Below trend growth to continue
In offshore markets depleted by the absence of the United States off for Labor Day, latest UK economic data and gyrations in the oil price captured most of the overnight headlines.
In offshore markets depleted by the absence of the United States off for Labor Day, latest UK economic data and gyrations in the oil price captured most of the overnight headlines. That said much of the initial sharp spike higher in oil (on latest mumblings about a Saudi Arabia- Russia pact to freeze oil production) and the Pound (on the biggest ever monthly gain in its service sector PMI) were later given back. Thus Brent crude jumped by $2 to $46.50 only to fall back to $45.0 on digestion of the full comments from officials and which appeared much more equivocal about prospects for a production freeze as early as this month when OPEC officials meet in Algeria. GBP/USD is ending New York just 0.1% higher, having earlier jumped about three-quarters of cent.
As for the UK data, the services PMI print of 52.9 up from 47.4 in July shows the sector rebounding from the late June Brexit shock with even more alacrity than the manufacturing sector. Just glancing at some UK trade statistic on the way in, we see that Britain runs a surplus with the rest of the work in services in the order of £50bn a year or close to A$100bn. While we instinctively think of Premier League football TV rights and global syndication of Britain’s Got Talent, the fact is some 70% of the UK services surplus is in financial services.
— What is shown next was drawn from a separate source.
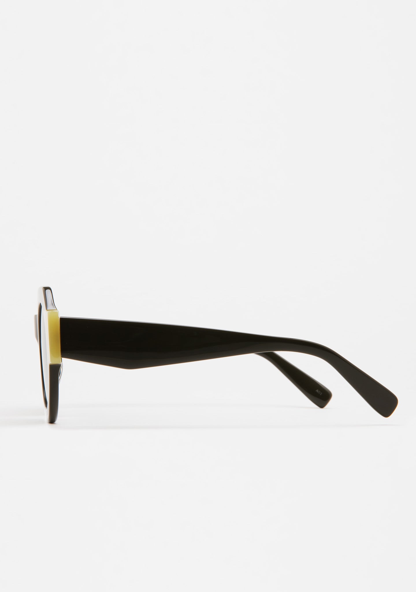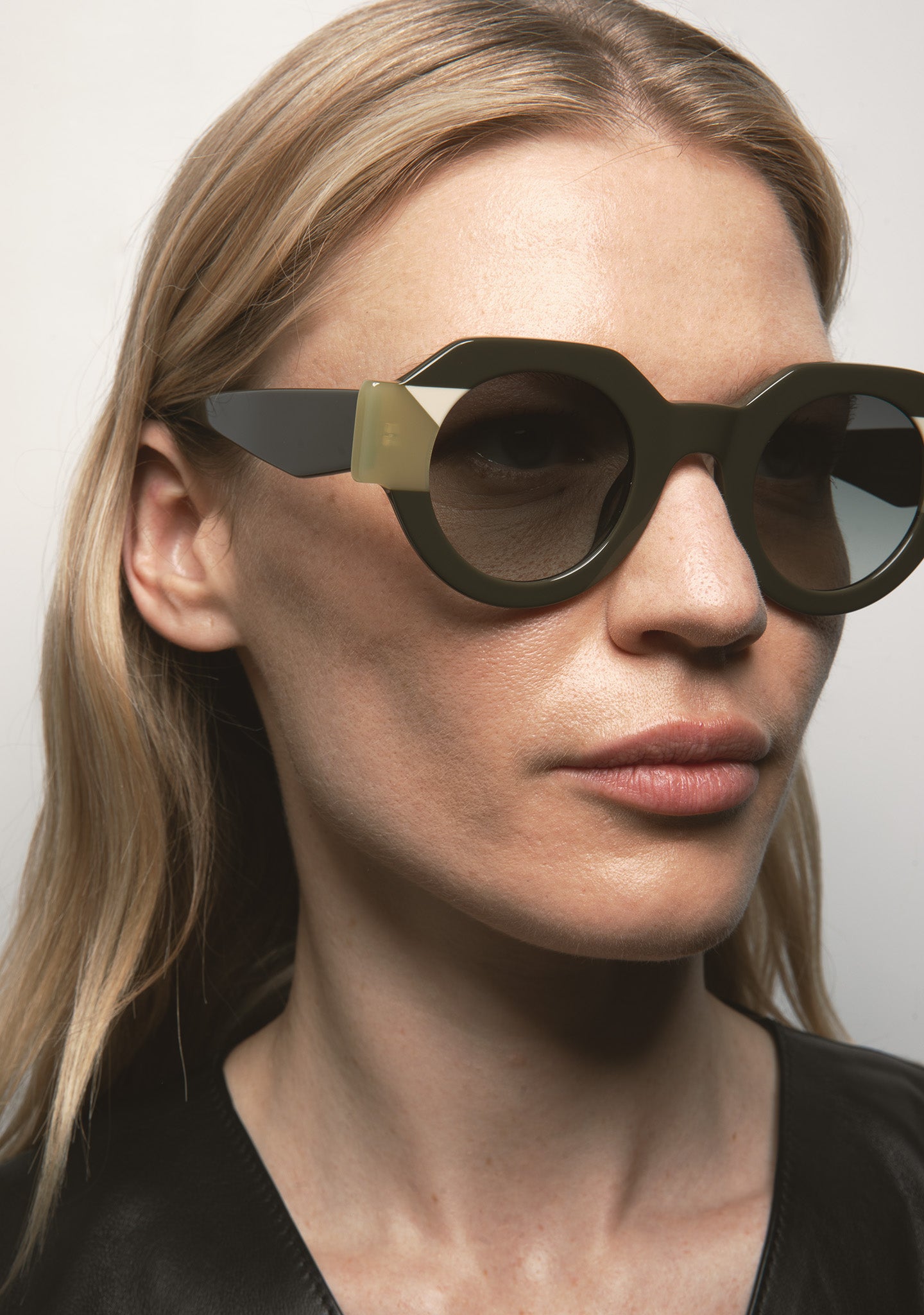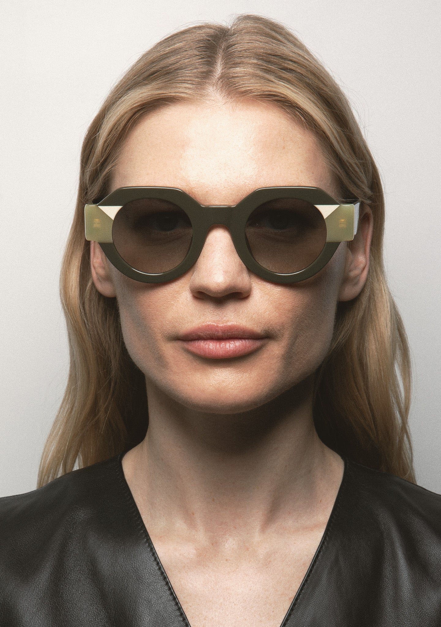 Round sunglasses with a slightly straighter upper part. Frame front in black acetate with double brown tortoiseshell and white laminate. Black acetate temples. Grey base 2 lenses with 100% UV protection and anti-reflective treatment. Category 3 lenses. Built-in acetate nose pads. Handmade.

This is the sector most at risk from any failure of the UK government to negotiate a ‘soft’ Brexit that preserves the ability of financial services firms based in the UK to ‘passport’ in to the rest of Europe (and in which respect Japan issued a fairly stern warning to the UK in front of the G20 meetings).
Yesterday’s Australian Business Indicators (a GDP partial) suggested that inventories could add 0.2%points to Q2 GDP. NAB had expected no contribution so this presents upside risks to our forecast of a GDP print of 0.3% q/q.
The big FX movers during our time zone were the NZD and JPY. The kiwi underwent something of a stealth rally through the APAC session on no real news (save that risk sentiment ended last Friday in fine fettle). The yen gained ground steadily following a speech by BoJ Governor Kuroda at a Kyodo news event. Kuroda defended the use of negative interest rates if the broader economic benefits to society were seen to outweigh the costs (in terms of damage to the profitability of the financial sector). He also repeated what he said at Jackson Hole, namely that the BoJ has ample scope to ease further in ‘all three dimensions’. Yet the speech is being interpreted as meaning that the BoJ has become increasingly uneasy over the use of negative rates and probably won’t do much or indeed anything when it convenes later this month (21 September).
There’s a lot on the economic and events calendar today and where the most market sensitive release should be the US non-manufacturing ISM. Following the unexpected fall to 49.4 from 52.6, the service sector version is also expected to have fallen but by a much smaller amount and from much better levels (55.0 from 55.5). Also due tonight is the Fed’s Labor Market Conditions Index (derived from 19 separate labour market indicators) and reported as just a monthly change (up meaning tighter, down meaning easier). It was up by 1% in July. There is no survey median for this.
Locally it’s RBA day of course, but with money markets ascribing just a 3% chance to another rate cut – the RBA having cut just last month – and it being Glenn Stevens’ last meeting, interest is running pretty low. Whether or not the post-meeting statement reveals any sort of ‘easing bias’ will probably be the main point of market interest. If it doesn’t, the AUD will probably trade firmer out of the 2:30pm AEST announcement.
Data wise, it’s the Q2 Balance of Payments and the estimated contribution to GDP from net exports. This is expected by NAB and the market consensus to be flat, after the out-sized 1.1% positive contribution to Q1 growth. As for the bank of payments itself, this is expected to record a deficit in the order of A$20bn.
On global stock markets, the S&P 500 was +0.00%. Bond markets saw US 10-years +0.00bp to 1.60%. In commodities, Brent crude oil +1.71% to $47.63, gold+0.3% to $1,327, iron ore -0.3% to $59.24. AUD is at 0.7585 and the range since yesterday 5pm Sydney time is 0.7576 to 0.7604.